Now the remaining calculation: $$ \begin{array}{c}t_{Q}^{i}=t_{i} \cdot W_{Q}^{i} \\ t_{\text {out }}^{i}=\operatorname{softmax}\left(\frac{t_{Q}^{i} x_{K}^{i^{T}}}{\sqrt{h}}\right) \cdot x_{V}^{i} \cdot W_{O}^{i}+t^{i} \\ t^{i+1}=f_{\text {activation}}\left(t_{\text {out }}^{i} \cdot W_{1}\right) \cdot W_{2}+t_{\text {out }}^{i}\end{array} $$

To get a better understanding of the steps above, let’s have a look at a visual representation of KV Cache.

Consider a transformer architecture with 12 attention heads and KV Cache.
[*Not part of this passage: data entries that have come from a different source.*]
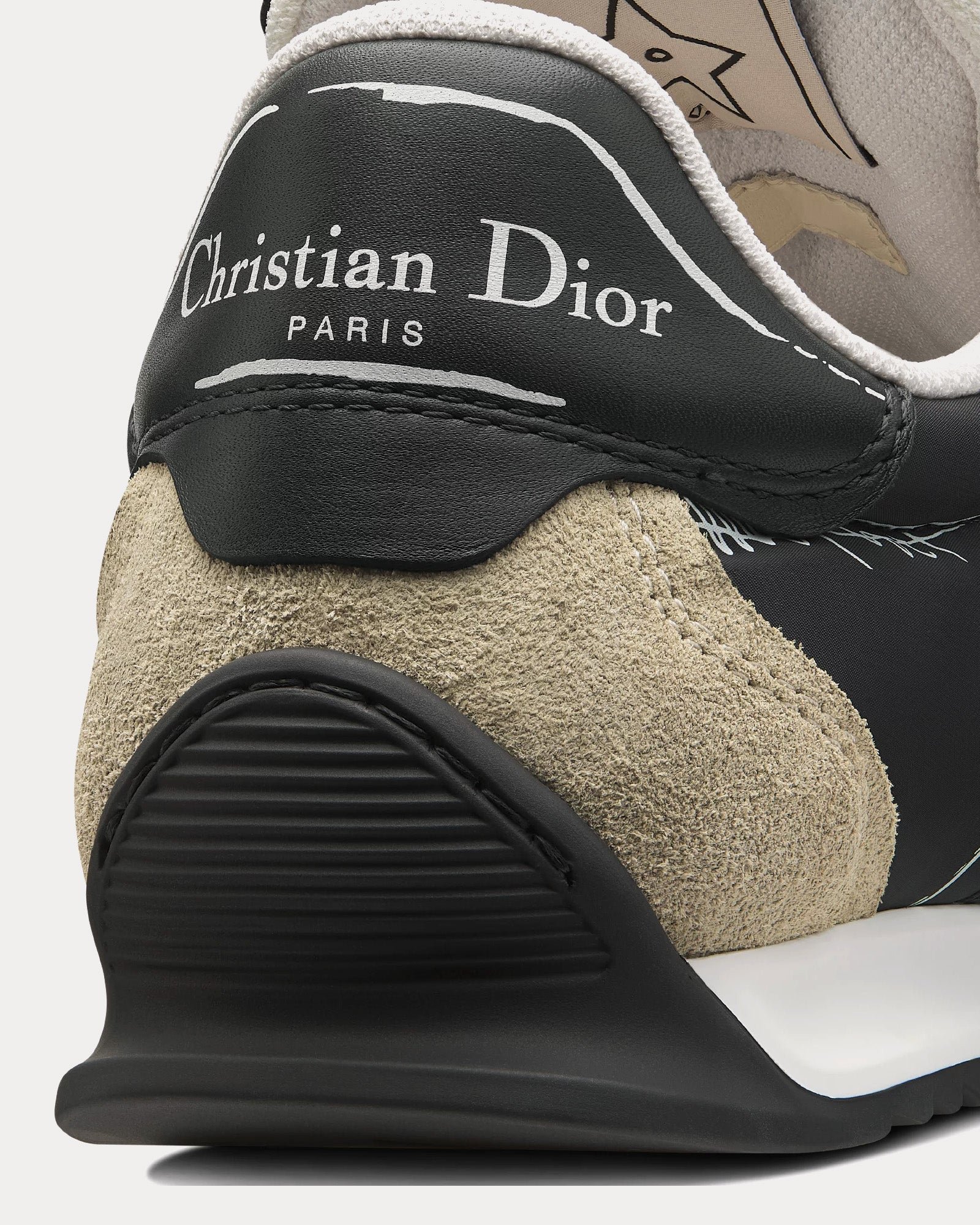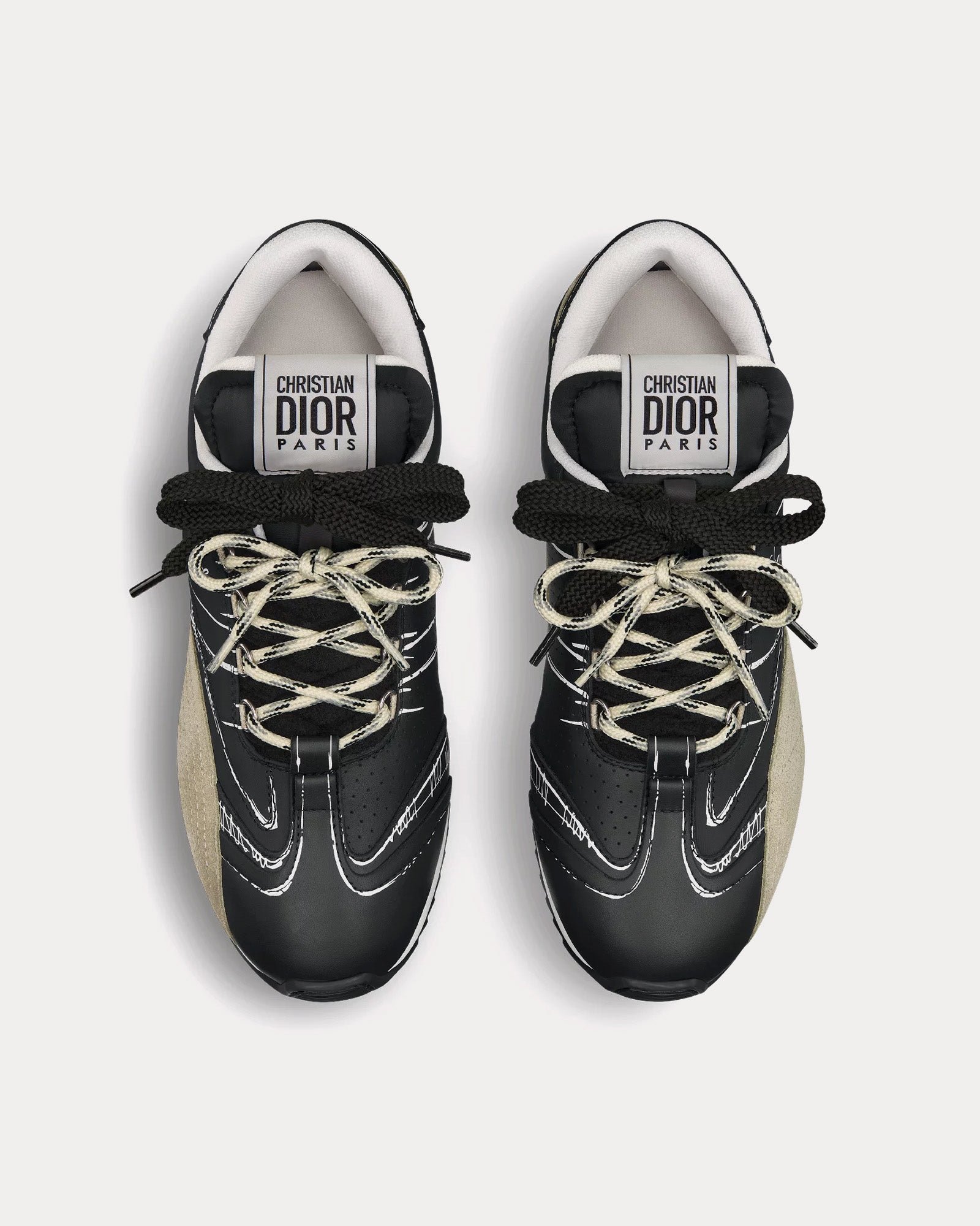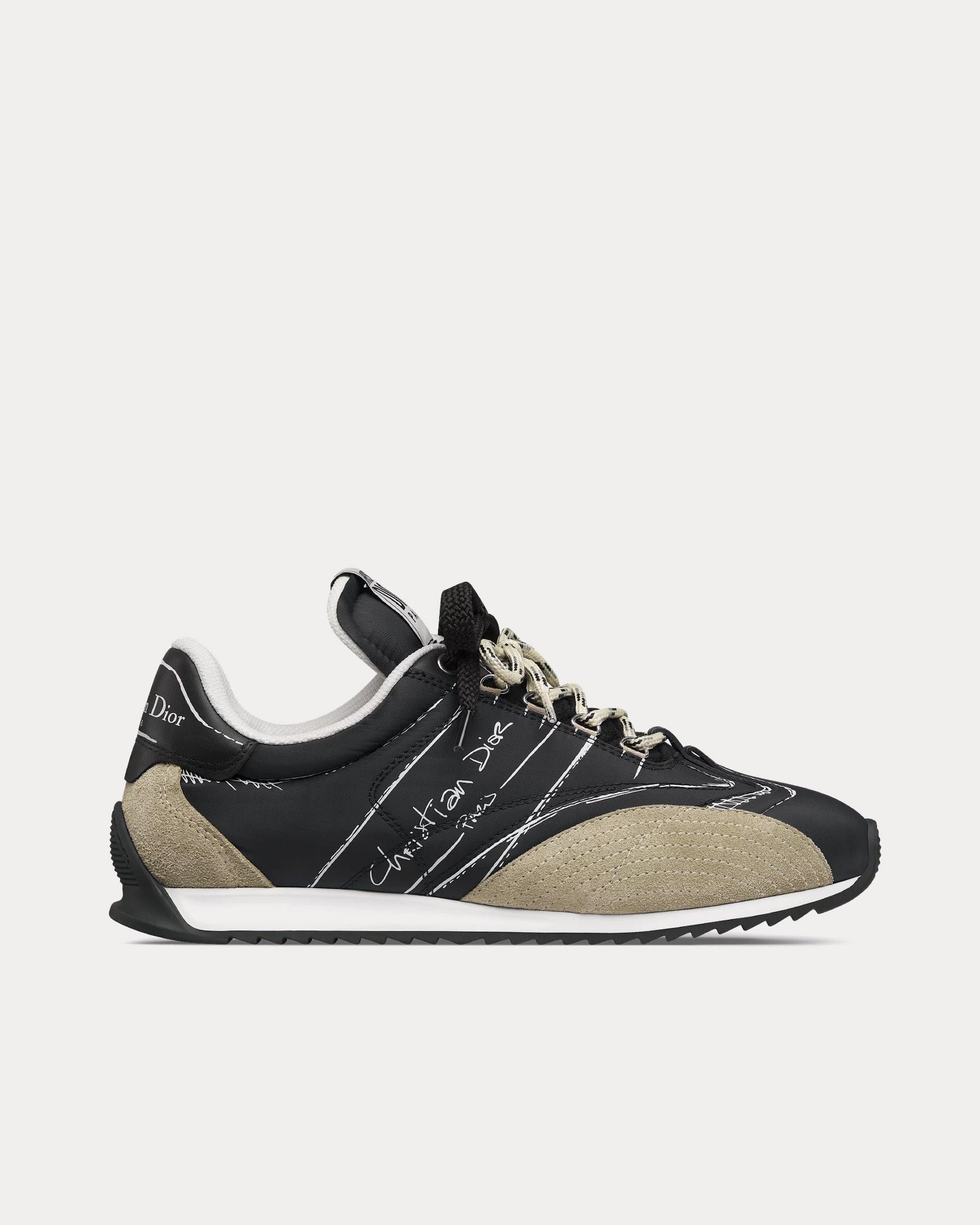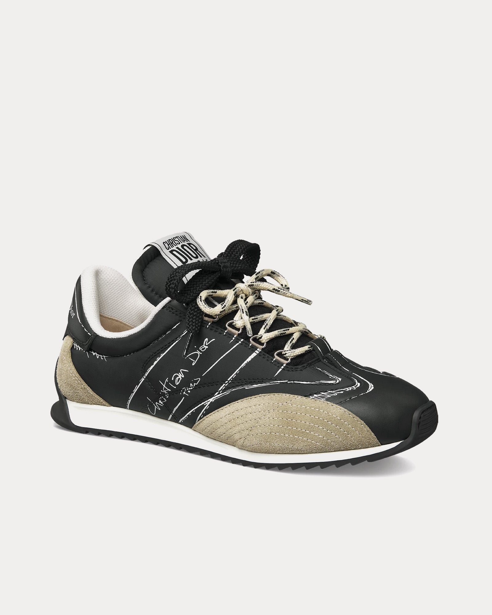 Confectionnées en nylon noir et cuir de veau premium, ces baskets présentent des empiècements en cuir de veau velours beige pour plus de texture et de profondeur. Le double laçage sublime leur silhouette unique, tandis que la signature manuscrite Christian Dior Paris apparaît élégamment sur les côtés. Parmi les autres éléments de la marque, on retrouve un empiècement et une étiquette Christian Dior Paris sur le contrefort et la languette.
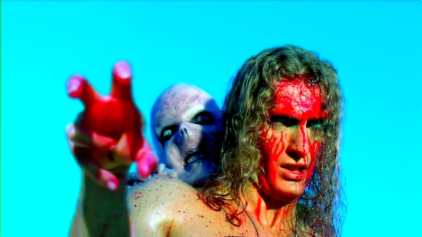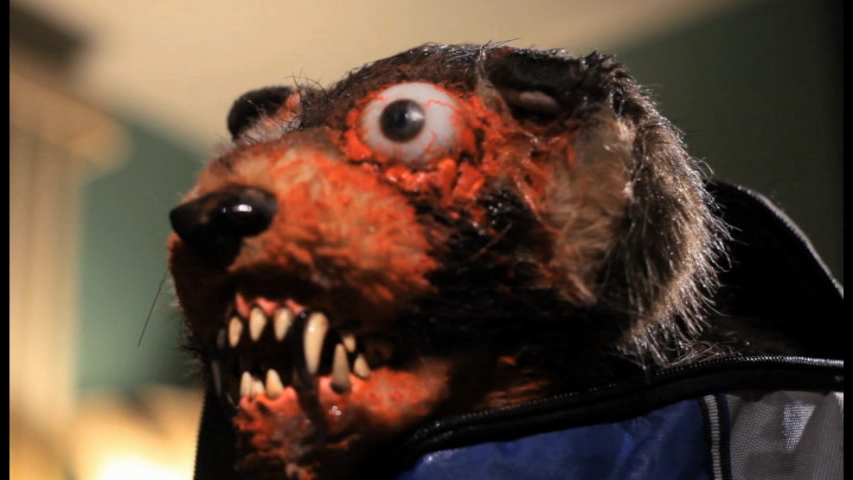 The title beast (a bloody, bug-eyed stuffed animal) is barely shown, but that definitely isn't the case for the main feature, which opens with a quick recap of the first film before jumping into the main story (thankfully shot with better cameras). The media's jumped onto the story and causing unease among the cops and politicians, with the deputy mayor, Peter Rabbit (yes, you read that correctly), trying to get to the bottom of it -- while Tommy and his pal, "Redeye," try to find a new home. A lot more characters are introduced including a single mom stripper whose son sleeps in a room right behind the stage, a couple of wise-talking hospital orderlies, and the title character's lime green offspring, who make a meal out of a couple of middle-aged hookers in one memorable highlight. The stage is also set for another sequel thanks to two more twists, including a final scene that must be seen to be believed. With that premise, you should know exactly what you're getting into here: low grade DIY camerawork, hammy performances, fake blood aplenty, and lots of personality. Also included are a fun half-hour featurette (including a table reading and premiere footage) and trailers for the main movie as well as Atomic Brain Invasion, Bite Me, Ground Zero, Bacterium, and plenty more. This should be in every single Redbox in America.
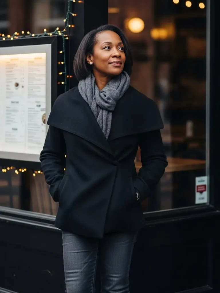 This outfit features a tailored black coat paired with classic grey jeans and a soft charcoal scarf wrapped neatly at the neck. The clean coat lines and muted tones create a refined everyday look that feels calm and confident. Simple stud earrings and hands tucked into the coat pockets give it an effortless city feel.
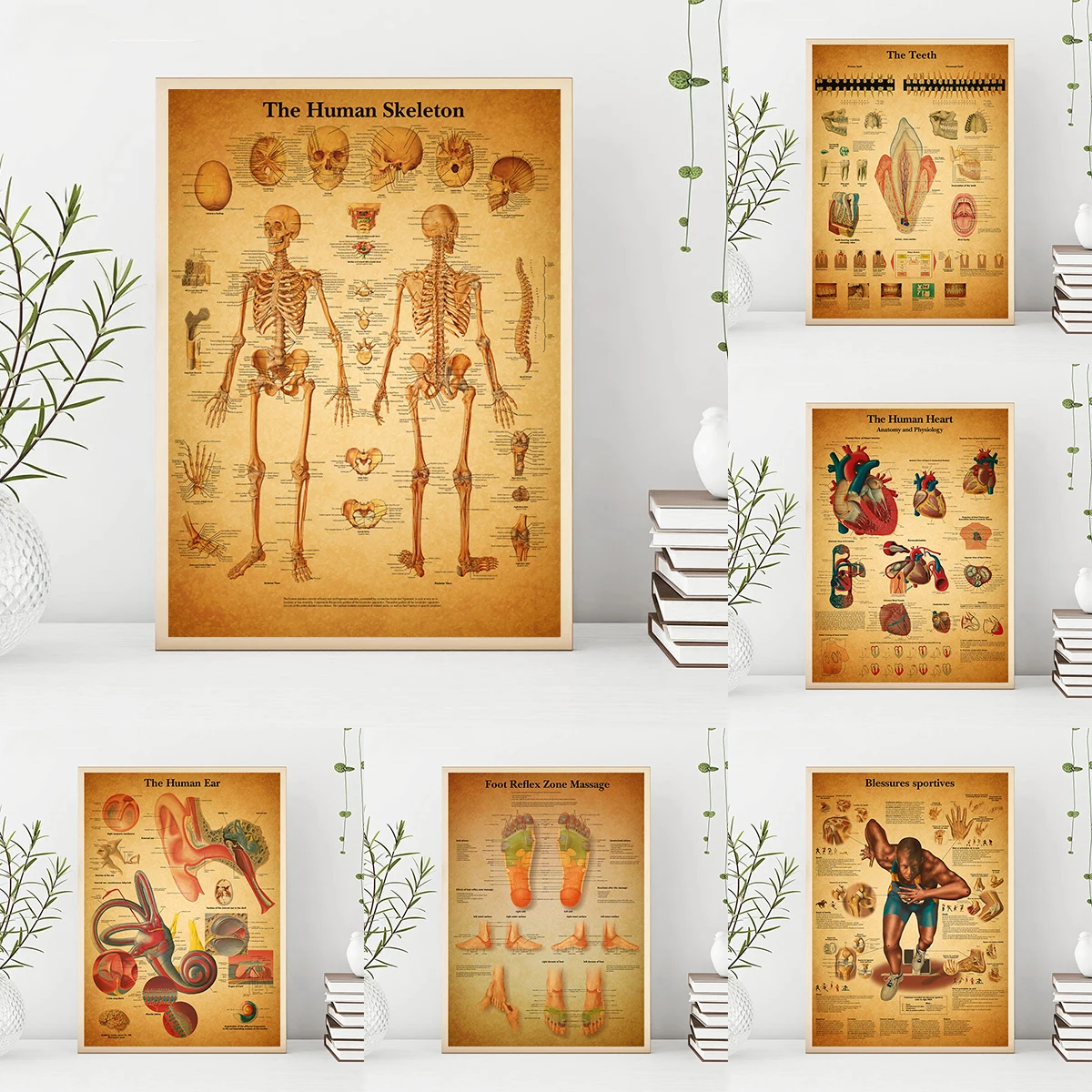 Живопись на холсте с анатомии человека, винтажные постеры для врачей, украшение для офиса, каркас, анатомическая структура тела, настенное искусство

The following figure represents the transformer state while generating $9th$ token of the input sequence.

KV cahce working. |

### FLOPs comparison of vanilla Transformer and Transformer with KV Cache.

*FLOPs, floating point operations, represent the number of floating-point number operations, measuring the amount of computation.*

**Calculating FLOPs for Matrix Multiplication:**

*Let $A \in R^{1 \times n}, B \in R^{n \times 1}$, to compute $AB$ we need $n$ multiplication operations and $n$ addition operations. Then total FLOPs is $2n$. Also, if $A \in R^{m \times n}, B \in R^{n \times p}$ then, to compute $AB$ the number of floating-point arithmetic required is $2mnp$.*

**Basic Notations:**

$b$ = Batch Size

$s$ = Sequence Length

$h$ = Hidden Dimension

$x$ = input

$num\_head$ = Total number of heads

$head\_dim$ = Hidden Dimension of each head.

**In self-attention block :**

**Step 1:**

$$ Q = x W_q \ K = x W_k \ V = x W_v $$

Input $x$ of shape = $(b,s,h)$. Shape of weights = $(h,h)$

$$ (b,s,h) (h,h) \rightarrow (b,s,h) $$ Total Computations: $2bsh^2$. For Q, K, V its $3 \times 2bsh^2 \rightarrow 6bsh^2$

**Step 2: For attention calculation :**

$$ x_{\text {out }}=\operatorname{softmax}\left(\frac{Q K^{T}}{\sqrt{h}}\right) \cdot V \cdot W_{o}+x $$

**Step 2.1: For $QK^T$**

$$ (b,num\_head,s,head\_dim) \times (b,num\_head,head\_dim, s) \rightarrow (b,num\_headk,s,s) $$ So, the total computations is $2bs^2h$.

**Step 2.2 For $\operatorname{softmax}\left(\frac{Q K^{T}}{\sqrt{h}}\right) \cdot V$**

$$ (b,num\_head,s,s) \times (b,num\_head,s,head\_dim) \rightarrow (b,num\_head,s,head\_dim) $$ The total claculation is $2bs^2h$.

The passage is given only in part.